Dataset details: We used XES3G5M (we translated from Chinese to English) and Eedi datasets for our work.

  • The details of XES3G5M can be found here. You can download the dataset by following instructions there. After the download, You can add the files from data/XES3G5M/metadata to run our framework.
  • Eedi dataset can be acquired upon request. After acquired, you can create a new folder data/Eedi/ and move your files there. Then, you can run the preprocessing code we provide, python data_preprocess.py --dataset_name=eedi inside the directory pykt-toolkit.

Important note: For XES3G5M, we already provide its English translation, entire output from our KC annotation, and the clustering of KCs here.

  • Therefore, after downloading XES3G5M dataset from its source (for exercise histories), you can directly start from our Representation Learning of Questions and quickly improve your existing KT model!

Python environment: We used Python 3.11.6 in our implementation. We use two separate virtual environments in our framework.

  • Install the libraries via pip install -r requirements_env_rl.txt for KC Annotation and Representation Learning

  • Install the libraries via pip install -r requirements_env_pykt.txt for Improving KT models. After loading libraries, locate pykt-toolkit and run the command pip install -e . to install our custom version of pykt with improved kt implementations.

1) KC Annotation via LLMs

This part shows an example usage of full KC annotation pipeline.
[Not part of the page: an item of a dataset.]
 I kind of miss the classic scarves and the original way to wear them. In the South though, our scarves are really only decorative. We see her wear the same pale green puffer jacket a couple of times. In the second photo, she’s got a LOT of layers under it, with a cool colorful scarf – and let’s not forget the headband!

To run the scripts, first locate kc_annotation folder

We use the English translation of XES3G5M dataset questions_translated.json as our running example.
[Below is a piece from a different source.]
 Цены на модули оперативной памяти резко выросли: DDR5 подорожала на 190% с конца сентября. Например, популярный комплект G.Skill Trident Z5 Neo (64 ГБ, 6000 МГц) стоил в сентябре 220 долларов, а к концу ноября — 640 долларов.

a) Solution step generation

You can run the command below

python get_step_by_step_solutions.py --original_question_file ../data/XES3G5M/metadata/questions_translated.json --annotated_question_file ../data/XES3G5M/metadata/questions_translated_kc_annotated.json

b) KC annotation

You can run the command below

python get_kc_annotation.py --original_question_file ../data/XES3G5M/metadata/questions_translated_kc_annotated.json --annotated_question_file ../data/XES3G5M/metadata/questions_translated_kc_sol_annotated.json

c) Solution Step - KC mapping

You can run the command below

python get_mapping_kc_solsteps.py --original_question_file ../data/XES3G5M/metadata/questions_translated_kc_sol_annotated.json --mapped_question_file ../data/XES3G5M/metadata/questions_translated_kc_sol_annotated_mapped.json

Note: For convenience, we provide the final output of this pipeline questions_translated_kc_sol_annotated_mapped.json.
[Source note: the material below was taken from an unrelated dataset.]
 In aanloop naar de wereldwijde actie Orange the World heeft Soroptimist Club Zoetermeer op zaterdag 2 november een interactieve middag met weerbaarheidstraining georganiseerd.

2) Representation Learning of Questions

For this part, please locate representation_learning folder.

For training, you can run the command below:

python train.py --json_file_dataset ../data/XES3G5M/metadata/questions_translated_kc_sol_annotated_mapped.json --json_file_cluster_kc data/XES3G5M/metadata/kc_clusters_hdbscan.json --json_file_kc_questions data/XES3G5M/metadata/kc_questions_map.json --wandb_project_name <your_wandb_project_name>

Note that the above command requires you to setup your wandb account first.

After training, you can save the embeddings by following save_embeddings.ipynb.

3) Improving KT Models

We implemented the improved versions of KT models via pykt library. We forked the library to pykt-toolkit and developed the models there. Specifically, our implemented KT models can be found in models folder.

As the naming convention, we added Que suffix to the existing models, where "que" refers to our "learned question representations". For instance, the improved version of SimpleKT is implemented as SimpleKTQue and can be found in simplekt_que.py.

For training the these models, you can locate train_test folder. You can train SimpleKTQue with the command below:

python sparsekt_que_train.py --emb_path <embeddings_from_representation_learning>

Note that the above command requires you to setup your wandb account first.

We use wandb_eval.py and wandb_predict.py from pykt library for evaluation. The details of the library can be found in their documentation.